07 April 2010

Book: Tocqueville on America after 1840

Aurelian Craiutu and Jeremy Jennings are the editors and translators of "Tocqueville on America after 1840: Letters and Other Writings"
(Cambridge University Press, March 2009):

www.cambridge.org/us/catalogue/catalogue.asp?isbn=9780521676830

Publisher's description: "Alexis de Tocqueville's Democracy in America has been recognized as an indispensable starting point for understanding American politics. From the publication of the second volume in 1840 until his death in 1859, Tocqueville continued to monitor political developments in America and committed many of his thoughts to paper in letters to his friends in America. He also made frequent references to America in many articles and speeches. Did Tocqueville change his views on America outlined in the two volumes of Democracy in America published in 1835 and 1840? If so, which of his views changed and why? The texts translated in Tocqueville on America after 1840: Letters and Other Writings answer these questions and offer English-speaking readers the possibility of familiarizing themselves with this unduly neglected part of Tocqueville's work. The book points out a clear shift in emphasis especially after 1852 and documents Tocqueville's growing disenchantment with America, triggered by such issues as political corruption, slavery, expansionism, and the encroachment of the economic sphere upon the political."

Review: "It is a common experience among readers of Tocqueville's Democracy in America to notice that its two volumes are really two different books on the same subject. [...] [I]n certain strategic parts of the second volume one gets the impression that Tocqueville has grown more gloomy, more pessimistic, or, to put it more accurately, less enthusiastic with the democratic experiment in general, or at least more willing to openly disclose its shortcomings. [...] Aurelian Craiutu's and Jeremy Jennings's [...] main claim is that with time Tocqueville changed his views on some general questions which are particularly crucial to his theory of democracy. But somewhat surprisingly they argue that this change of outlook in a more negative direction came only after the publication of Volume Two of Democracy in America. [...] In short, they suggest that a hypothetical Volume Three would continue and reinforce what for many readers are Volume Two's hesitations as to the essential goodness and stability of the democratic adventure. [...]
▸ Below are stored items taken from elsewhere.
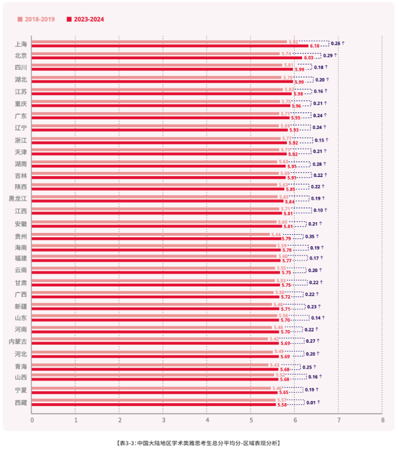 此外,2023-2024年中国大陆地区各省份/直辖市学术类雅思考生总分均有进步,不过也呈现出一定的地域差异。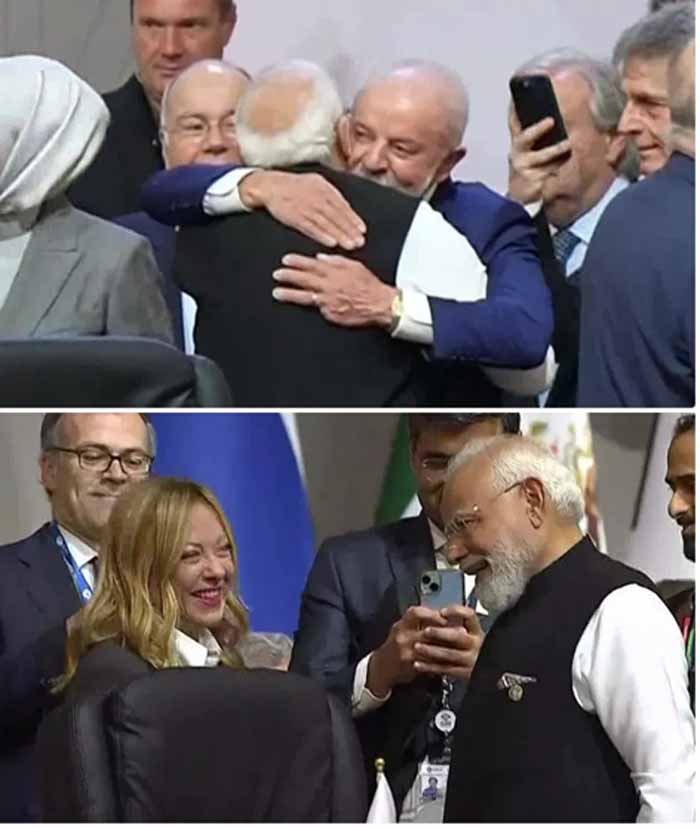 प्रधानमंत्री नरेंद्र मोदी ने जोहानिसबर्ग में चल रहे जी20 शिखर सम्मेलन के दौरान इटली की प्रधानमंत्री जॉर्जिया मेलोनी से मुलाकात की। दोनों नेताओं ने बहुपक्षीय विचार-विमर्श में भाग लेते हुए विभिन्न मुद्दों पर चर्चा की। साथ ही भारत-इटली के मजबूत संबंधों में प्रगाढ़ता पर संतोष जाहिर किया। मुलाकात में दोनों ने रक्षा, सुरक्षा, व्यापार, प्रौद्योगिकी और स्वच्छ ऊर्जा जैसे क्षेत्रों में सहयोग बढ़ाने पर जोर दिया। इसके साथ ही उन्होंने ब्राजील के राष्ट्रपति लूला डि सिल्वा के साथ भी मुलाकात करते नजर आए। में मुलाकात के दौरान मोदी ने ब्राजील के राष्ट्रपति लूला को गले लगाया। राष्ट्रपति लूला मोदी की पीठ थपथपाते नजर आए। पीएम मोदी शिखर सम्मलेन के पहले दिन कई देशों के प्रमुखों के साथ बातचीत करते दिखे।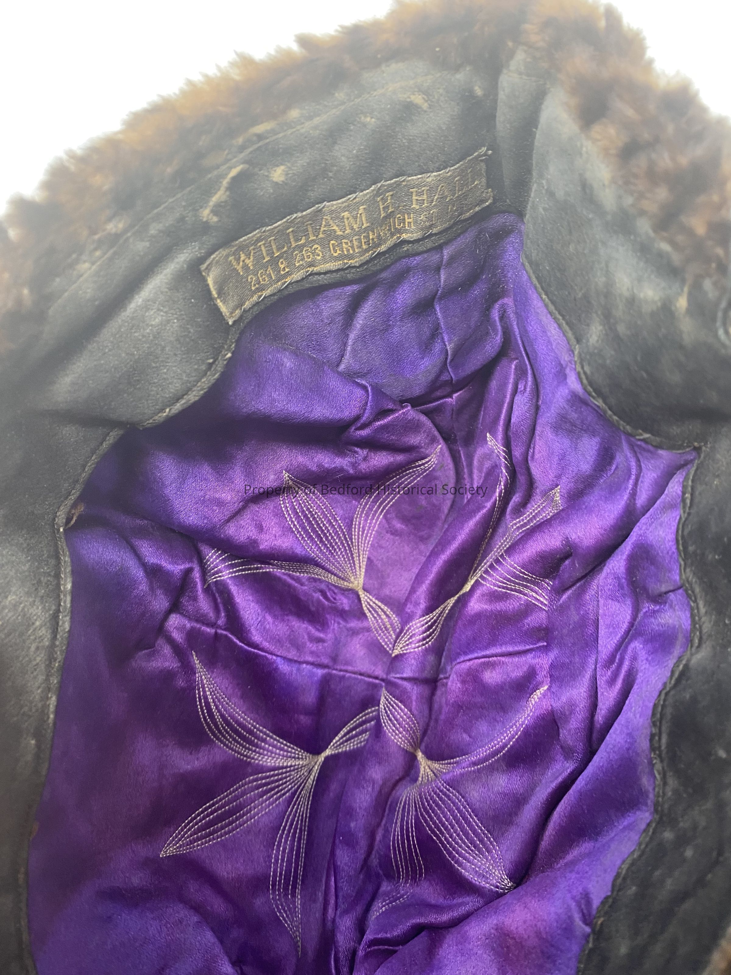 inside has purple lining with decorative white stitching and tag reading: "William H. Hall 251 & 263 Greenwich Street, N.Y.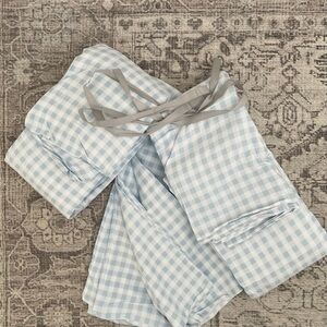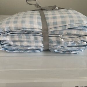 NEW Light blue and white gingham King Sheet Set. "King Sheet Set: King size 4-piece bed sheet set comprising of 1 flat sheet measuring 105 by 102 inches , 1 fitted sheet measuring 78 by 80 inches with a 15 inches box and 2 pillowcases measuring 20 by 40 inches each.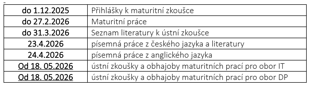 TERMÍNY MATURITNÍCH ZKOUŠEK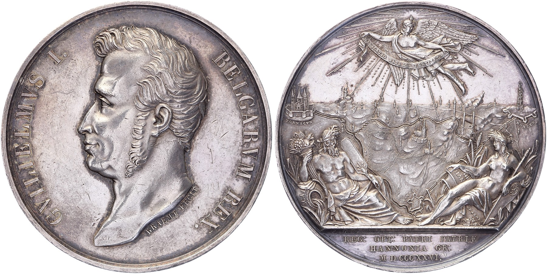 1826 Opening kanaal in Henegouwen. Hoofd koning Willem I naar links. / Onder vliegende Genius landschap met kronkelend kanaal en allegorische figuren. AR 50,2 [48,67 gr.]. Dirks 283. J. Braemt. Prachtig.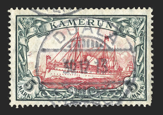 917 O 25 Image#25, 1913 5M Slate and carmine, watermarked lozenges, used with clear "Duala, Kamerun/30.17.13" datestamp, fresh colors, a couple nibbed perfs at lower right and faint trace of a small crease at left, otherwise very fine and rare used; signed Senf (Michel #25; €4,800). (Image) $4,250.00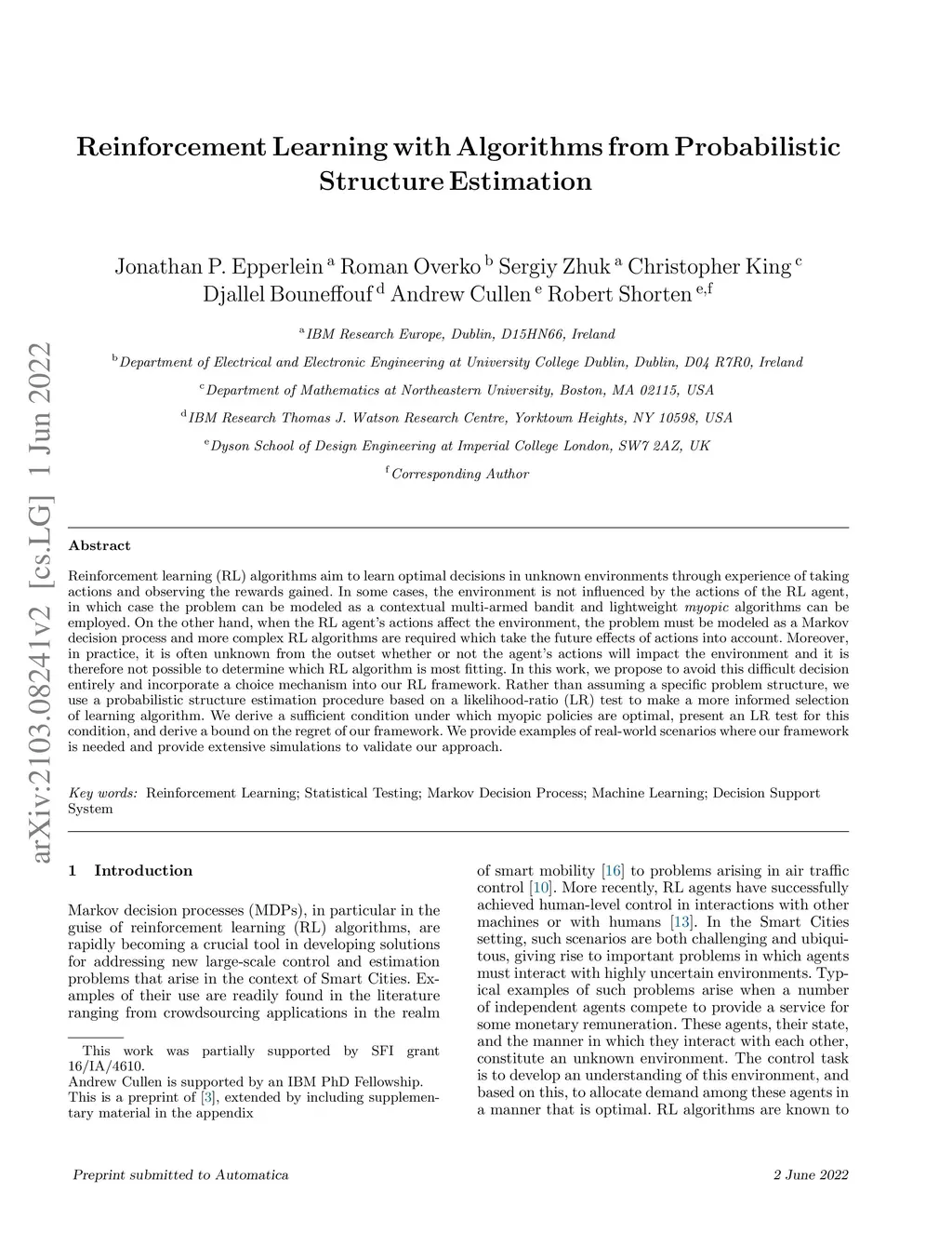 Reinforcement learning (RL) algorithms aim to learn optimal decisions in unknown environments through experience of taking actions and observing the rewards gained. In some cases, the environment is not influenced by the actions of the RL agent, in which case the problem can be modeled as a contextual multi-armed bandit and lightweight myopic algorithms can be employed. On the other hand, when the RL agent's actions affect the environment, the problem must be modeled as a Markov decision process and more complex RL algorithms are required which take the future effects of actions into account. Moreover, in practice, it is often unknown from the outset whether or not the agent's actions will impact the environment and it is therefore not possible to determine which RL algorithm is most fitting. In this work, we propose to avoid this difficult decision entirely and incorporate a choice mechanism into our RL framework. Rather than assuming a specific problem structure, we use a probabilistic structure estimation procedure based on a likelihood-ratio (LR) test to make a more informed selection of learning algorithm. We derive a sufficient condition under which myopic policies are optimal, present an LR test for this condition, and derive a bound on the regret of our framework. We provide examples of real-world scenarios where our framework is needed and provide extensive simulations to validate our approach.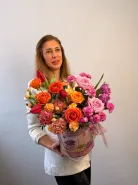 Все филиалыКомпозиция из роз, тюльпанов и диантусов «Яркий взгляд»

"Craiutu and Jennings make the general claim that '[i]n 1852, Tocqueville realized much better than he had in 1835 or 1840 that it was in the very nature of democracy (...) to transgress its limits and to subvert its own foundations' [...], 'the hypothetical "Volume Three" [...] would have probably mirrored his disenchantment and skepticism and would have called in to question some of the most significant ideas of his widely acclaimed book' [...]. They assert that by reading this collection of letters, papers and speeches, we gain new insights into Tocqueville's misgivings. Even when they acknowledge that Volume Two already suggested some of the anxieties of the post-1840 years, they immediately add that we have to look into his correspondence in order to get many more details. [...] In this context, the authors quote Benedict Songy's judicious remark: 'For Tocqueville, Democracy was on trial'". (Miguel Morgado, "Society")

Aurelian Craiutu is Associate Professor in the Department of Political Science at Indiana University, Bloomington.

Jeremy Jennings is Professor of Political Theory at Queen Mary, University of London.